Sure, passphrases usually won't have the 256 bits of entropy necessary 
to take full advantage of AES-256. However, this doesn't matter much as 
long as they aren't easily guessable and a good (meaning slow) key 
derivation algorithm is used.

I'm currently trying out the following simple plugin to implement 
encryption via passphrase (please don't comment on code quality, this 
hasn't been polished):

> import hashlib
> import os
> 
> from Crypto.Cipher import AES

> class EncryptionPlugin(obnamlib.ObnamPlugin):
>     def enable(self):
>         self.tag = "encaespw"
> 
>         # There doesn't appear to be any "canonical" way to derive an AES key
>         # from a passphrase. There is OpenSSL's enc tool but it uses a very
>         # weak key derivation function (details under
>         # https://security.stackexchange.com/a/29139/4778). So let's just use
>         # PBKDF2 with a high number of iterations.
>         passphrase = os.environ['PASSPHRASE']
>         if not passphrase:
>             raise Exception('No encryption passphrase given')
> 
>         self.key = hashlib.pbkdf2_hmac('sha256', passphrase, 'aes key',
>                                        256 * 1024, dklen=32)
>         self.app.hooks.add_callback('repository-data', self, obnamlib.Hook.LATE_PRIORITY)
> 
> 
>     def filter_read(self, encrypted, repo, toplevel):
>         iv = encrypted[0:16]
>         return AES.new(self.key, AES.MODE_CFB, iv).decrypt(encrypted[16:])
> 
> 
>     def filter_write(self, cleartext, repo, toplevel):
>         iv = os.urandom(16)
>         return iv + AES.new(self.key, AES.MODE_CFB, iv).encrypt(cleartext)

It works nicely and IMHO similar functionality could be added to the 
official distribution. Notes:

* The passphrase is being passed in via an environment variable rather 
than command line parameters. While I am not a Linux expert, it's my 
understanding that this is a more secure approach - the command line can 
be seen by other users on the same computer, environment variables IMHO 
cannot be accessed.

* In my setup, the passphrase is mandatory (I don't want to create an 
unencrypted backup by mistake). In the official encryption plugin, there 
would rather be a command line option like 
--encryption-backend=passphrase to enable passphrase-based encryption. 
Also, the key size doesn't have to be hardcoded at 32 bytes (meaning 
AES-256), there can be an additional option like 
--encryption-algo=aes-128 allowing to specify other key sizes.
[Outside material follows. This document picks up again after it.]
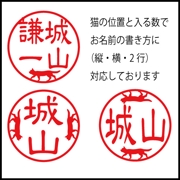 ハンコの丸い外枠に沿わせる形で、そこを散歩する猫の姿をデザインしています。

* I am currently using a hardcoded salt for PBKDF2. While not 
particularly bad (only relevant if a large number of encrypted obnam 
backups is being accessed by an unauthorized party), this isn't optimal 
either. One solution would be having a random salt for each file, but 
this would require deriving an individual key for each file and degrade 
performance. The other solution would be generating a unique random salt 
for each repository. This would create a single point of failure 
however, if the file storing that random salt gets corrupted the entire 
backup becomes unusable.

* The current encryption plugin will use /dev/random rather than 
/dev/urandom by default. This precaution might be justified when 
generating encryption keys, yet I'm only calling os.urandom() to 
generate the initialization vector. With a new initialization vector 
being generated for each encrypted file, polling /dev/random might be 
too slow here. Also, randomness of initialization vectors isn't as 
critical and doesn't justify such measures IMHO.

Any comments? I can write a patch if the general direction is approved.